Podobnie należy podchodzić do
pogłosek o ekspansji demograficznej islamu. Co prawda krążą w
internecie linki do filmów, głoszących śmiałe teorie, jakoby
około roku 2050 Francja miała stać się republiką islamską. Mówi
się o dokumentach niemieckiego rządu, które donoszą o tym, iż
degradacji demograficznej społeczności niemieckiej nie da się już powstrzymać.
Krzyczą chwytliwe hasełka i wybujałe teorie, a ich autorzy
zadzierają głowy, myśląc, że odkryli coś nadzwyczaj zaskakującego.

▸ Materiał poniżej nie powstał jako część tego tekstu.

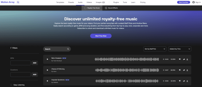 Motion Array offre anche diverse opzioni di ricerca per aiutare gli utenti a trovare il brano perfetto per il loro progetto, tra cui la ricerca per BPM e durata.

Tymczasem prawie sto lat temu, jeszcze w czasach II RP i rządów
Józefa Piłsudskiego, działał historyk Feliks Koneczny. Wypracował
on ,,teorię cywilizacji”, w której stwierdził wprost, że
wszystkie istniejące obecnie cywilizacje rozwijają się poprzez
konflikt z innymi (żadna nowość – wiemy przecież, że trudności zmuszają także pojedynczych ludzi do zdwojonego wysiłku, a przez
to do rozwoju). Koneczny zauważył jednak również to, że jeśli
cywilizacje żyją obok siebie (jak obecnie arabska obok łacińskiej)
i nie wszczynają rywalizacji (z której cywilizacja łacińska zdaje
się obecnie rezygnować na rzecz ,,tolerancji"), to zawsze – bez żadnego wyjątku –
cywilizacja bardziej rozwinięta upadnie pod naporem tej bardziej
prymitywnej.
Feliks Koneczny nie stworzył żadnej przepowiedni jak Nostradamus (może dlatego się o nim nie mówi...), ale opisał tylko najprostsze procesy historyczne. Tego opisanego powyżej właśnie jesteśmy świadkami. Unia Europejska zrezygnowała z zasad cywilizacji łacińskiej, więc musi ponieść konsekwencje swojego wyboru. Niestety, faktycznie cały ciężar tychże konsekwencji spadnie na nas, na zwykłych obywateli. Pamiętajmy zatem, aby podkreślać na każdym kroku nasze chrześcijańskie korzenie, przywiązanie do zasad republikanizmu i o tym, że warto dążyć do obiektywnej prawdy, którą przecież objawił nam sam Bóg.